9. The method for measuring internal stress in prestressed steel cables as described in claim 1, characterized in that, The step of correcting the stress measurement data based on the data acquisition accuracy and a preset neural network model to eliminate errors in the stress measurement data includes: The data acquisition accuracy is fused with the stress measurement data to construct a multi-dimensional feature matrix. The preset neural network model is iteratively trained using the multidimensional feature matrix to obtain the trained neural network model; The trained neural network model is used to predict and process the stress measurement data, and the corrected stress data is output to eliminate the error in the stress measurement data.
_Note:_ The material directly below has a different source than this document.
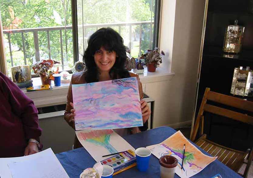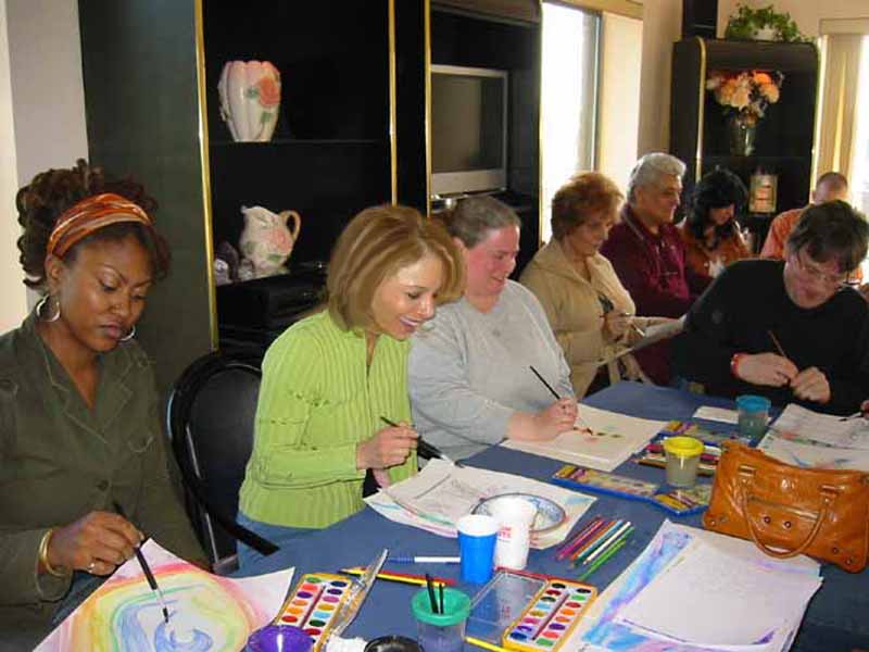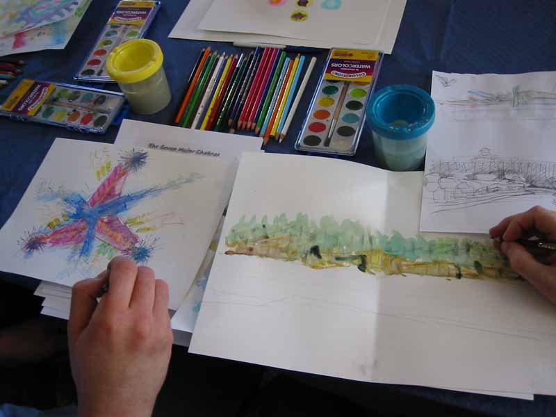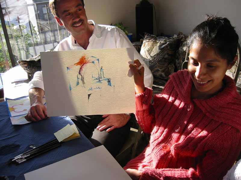 Students completed one or more water colored paintings, as guided. Some students laughed and spoke to others as they did their work, while others were more reflective. There was no right or wrong as the images began to take shape on each person's paper.

10. A device for measuring internal stress in prestressed steel cables, characterized in that, The device includes: The acquisition module is used to acquire stress measurement data at different measurement points on the prestressed steel cable; The first determining module is used to determine the degree of stress non-uniformity of the prestressed steel cable based on the stress measurement data and the degree of influence of the external force on each measurement point. The first calculation module is used to calculate the degree of collaborative stress influence of the prestressed steel cables based on the degree of stress non-uniformity and the consistency of stress change of each prestressed steel cable. The second determining module is used to determine the degree of overall structural vibration impact of each prestressed steel cable based on the degree of collaborative stress influence of different prestressed steel cables. The second calculation module is used to calculate the data acquisition accuracy of each of the prestressed steel cables based on the ratio between the degree of influence of the coordinated force and the degree of influence of the overall structural vibration. The calibration module is used to calibrate the stress measurement data based on the accuracy of the data acquisition and a preset neural network model, so as to eliminate the error in the stress measurement data.